Roger Stone and Michael Flynn (2020): Both received clemency for matters touching investigations into the president. Stone's sentence was commuted; Flynn received a full pardon. The pattern created what scholars call a "loyalty insurance mechanism"—reducing incentives for cooperation with investigators by demonstrating that proximity to the president can change legal consequences.

Blackwater contractors (2020): Four contractors convicted in the 2007 Nisour Square massacre—in which 17 Iraqi civilians were killed—received full pardons. The UN High Commissioner for Human Rights called it a violation of international law. The message: even war crimes committed by loyalists will be forgiven.

By the time of the January 6 pardons, the transactional nature of clemency was explicit. A House Judiciary Committee analysis found that white-collar pardons during the first term had deprived victims of over $1.3 billion in restitution and fines. The pardon of wire fraud convicts whose families had donated millions to pro-administration PACs demonstrated that clemency had become, in critics' words, an "astonishing giveaway to lawbreakers."
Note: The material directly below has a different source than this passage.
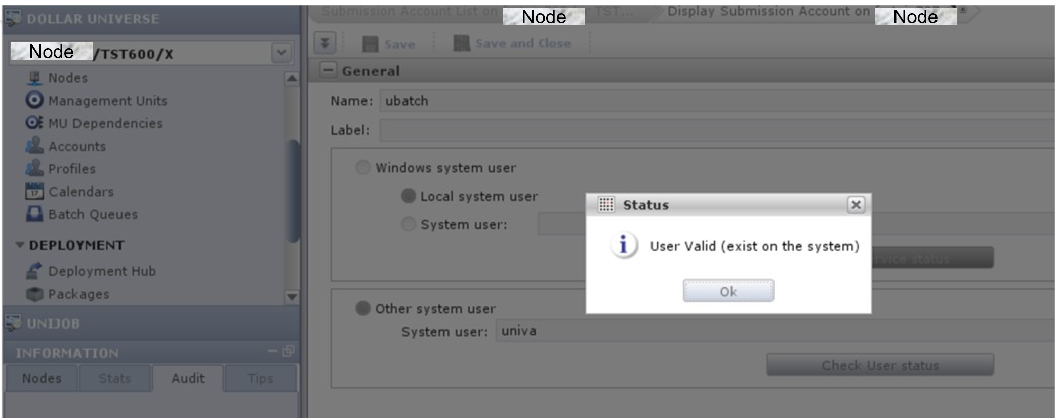 The System User is ok as UVC states "User Valid" when clicking into Account - Check User Status:

This transactional use of clemency—loyalty to the leader in exchange for legal protection—is a hallmark of authoritarian governance. It creates a parallel system where accountability depends not on the law but on one's relationship to power.

In March 2025, a federal judge rejected the DOJ's attempt to expand the reach of the January 6 pardon proclamation beyond its text—evidence that battles over the scope and meaning of these clemency grants continue in the courts.

The Historical Comparison

Previous presidents have issued controversial pardons. Ford's pardon of Nixon was deeply divisive. Clinton's pardon of Marc Rich raised questions about influence. George H.W. Bush's pardons of Iran-Contra figures were criticized as covering up executive misconduct.

But no previous pardon approached the January 6 clemency in scale or nature.

These weren't individuals who committed crimes in the course of policy disputes. They weren't officials who exceeded their authority in pursuing government objectives. They were people who physically attacked the seat of government to prevent the peaceful transfer of power.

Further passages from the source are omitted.